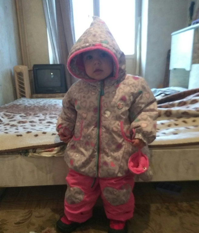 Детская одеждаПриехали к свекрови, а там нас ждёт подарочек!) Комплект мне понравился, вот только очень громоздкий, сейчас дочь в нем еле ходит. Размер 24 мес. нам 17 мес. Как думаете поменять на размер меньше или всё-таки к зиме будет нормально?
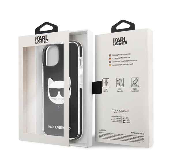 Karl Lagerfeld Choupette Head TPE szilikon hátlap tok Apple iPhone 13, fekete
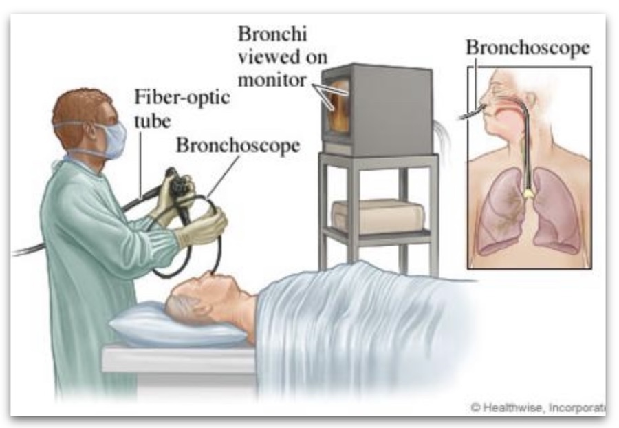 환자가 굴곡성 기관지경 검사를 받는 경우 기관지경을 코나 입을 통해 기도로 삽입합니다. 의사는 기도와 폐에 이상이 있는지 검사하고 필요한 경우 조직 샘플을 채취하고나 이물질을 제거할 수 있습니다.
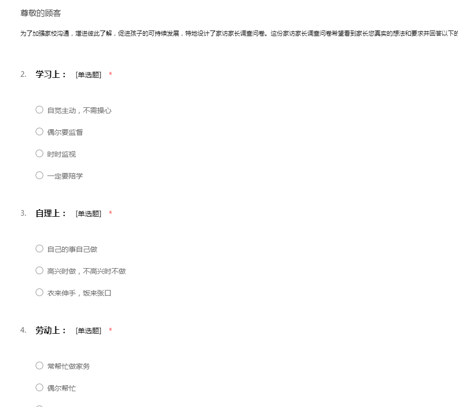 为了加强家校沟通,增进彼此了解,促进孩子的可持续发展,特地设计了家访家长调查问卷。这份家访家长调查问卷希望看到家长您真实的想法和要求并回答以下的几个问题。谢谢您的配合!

= WHAT IS EXPECTED =
Starting at the line that holds "Karl Lagerfeld Choupette", write out every remaining line of the material above exactly as it appears. Pictures should not be copied.

= RESULT =
 Karl Lagerfeld Choupette Head TPE szilikon hátlap tok Apple iPhone 13, fekete
 환자가 굴곡성 기관지경 검사를 받는 경우 기관지경을 코나 입을 통해 기도로 삽입합니다. 의사는 기도와 폐에 이상이 있는지 검사하고 필요한 경우 조직 샘플을 채취하고나 이물질을 제거할 수 있습니다.
 为了加强家校沟通,增进彼此了解,促进孩子的可持续发展,特地设计了家访家长调查问卷。这份家访家长调查问卷希望看到家长您真实的想法和要求并回答以下的几个问题。谢谢您的配合!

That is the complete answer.